> _Try it_
From the listing below, reproduce exactly the lines starting with the one with "Camée, 35c. violet, BLOC" and going on through the one with "Opt for bold", both ends kept. No picture is copied.

> _Material for this task_
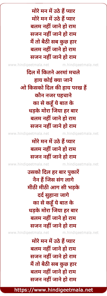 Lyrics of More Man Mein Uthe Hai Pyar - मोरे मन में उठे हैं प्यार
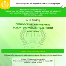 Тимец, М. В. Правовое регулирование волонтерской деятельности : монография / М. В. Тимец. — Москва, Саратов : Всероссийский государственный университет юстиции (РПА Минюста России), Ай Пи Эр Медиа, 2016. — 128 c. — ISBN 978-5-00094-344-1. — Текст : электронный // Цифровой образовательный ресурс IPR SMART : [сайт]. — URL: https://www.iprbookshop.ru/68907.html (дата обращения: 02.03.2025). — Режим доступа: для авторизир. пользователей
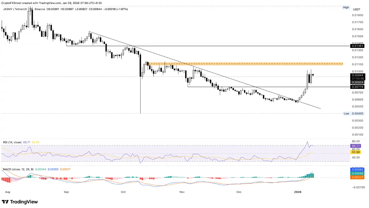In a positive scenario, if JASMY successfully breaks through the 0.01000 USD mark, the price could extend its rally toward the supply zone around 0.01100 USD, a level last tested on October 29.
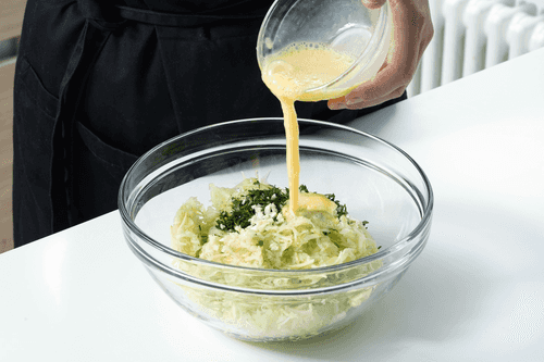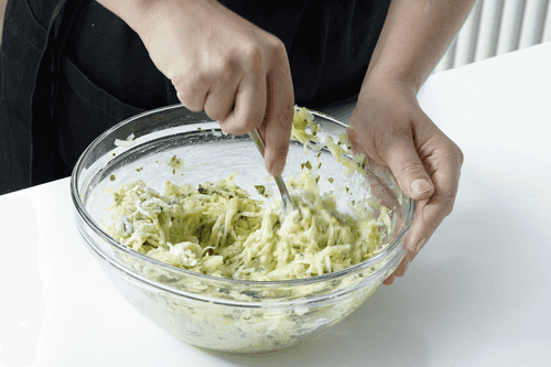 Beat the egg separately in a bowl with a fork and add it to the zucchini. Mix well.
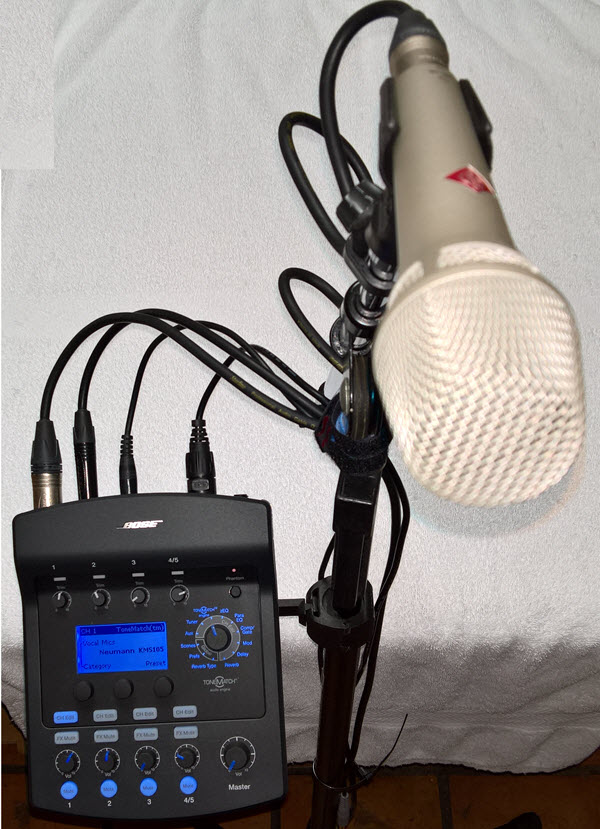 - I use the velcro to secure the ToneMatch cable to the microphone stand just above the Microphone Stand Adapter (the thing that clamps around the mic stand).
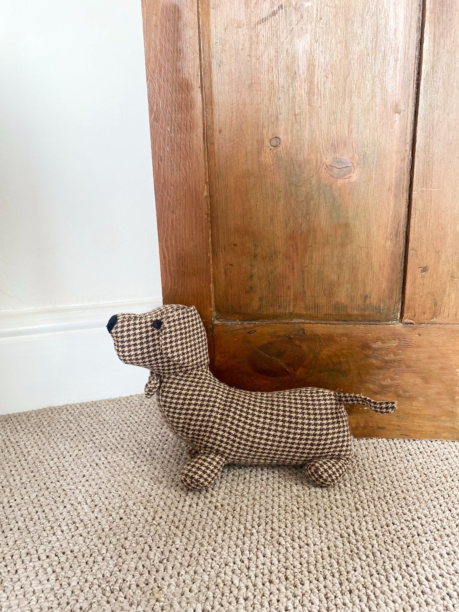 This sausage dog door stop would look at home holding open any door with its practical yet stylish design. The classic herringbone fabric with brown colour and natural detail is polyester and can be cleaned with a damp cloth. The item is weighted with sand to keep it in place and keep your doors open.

==

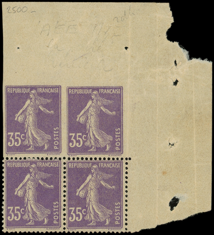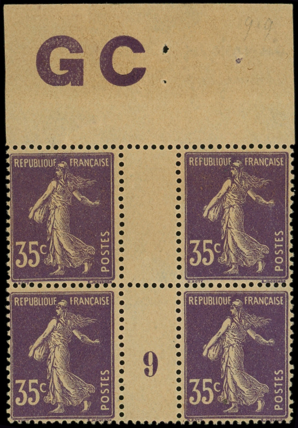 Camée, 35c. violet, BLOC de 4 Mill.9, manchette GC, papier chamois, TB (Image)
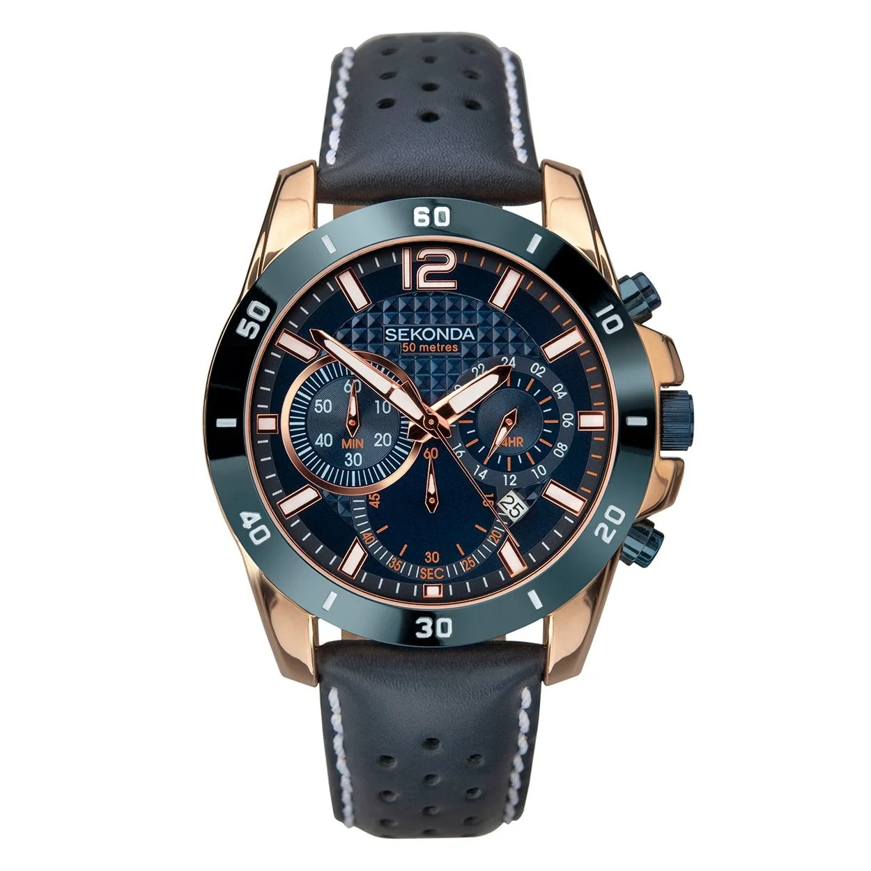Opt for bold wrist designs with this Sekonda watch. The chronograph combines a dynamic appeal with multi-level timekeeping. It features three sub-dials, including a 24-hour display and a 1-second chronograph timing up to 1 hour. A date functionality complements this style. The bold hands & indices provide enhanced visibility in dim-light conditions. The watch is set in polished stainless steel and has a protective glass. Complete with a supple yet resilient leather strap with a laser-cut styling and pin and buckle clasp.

---

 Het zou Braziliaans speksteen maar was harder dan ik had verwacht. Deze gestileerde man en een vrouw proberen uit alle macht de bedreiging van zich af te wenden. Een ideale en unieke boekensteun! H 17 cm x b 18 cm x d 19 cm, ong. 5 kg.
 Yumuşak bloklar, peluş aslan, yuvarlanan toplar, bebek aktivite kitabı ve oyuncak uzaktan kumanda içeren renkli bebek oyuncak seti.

> _Written solution_
 Camée, 35c. violet, BLOC de 4 Mill.9, manchette GC, papier chamois, TB (Image)
Opt for bold wrist designs with this Sekonda watch. The chronograph combines a dynamic appeal with multi-level timekeeping. It features three sub-dials, including a 24-hour display and a 1-second chronograph timing up to 1 hour. A date functionality complements this style. The bold hands & indices provide enhanced visibility in dim-light conditions. The watch is set in polished stainless steel and has a protective glass. Complete with a supple yet resilient leather strap with a laser-cut styling and pin and buckle clasp.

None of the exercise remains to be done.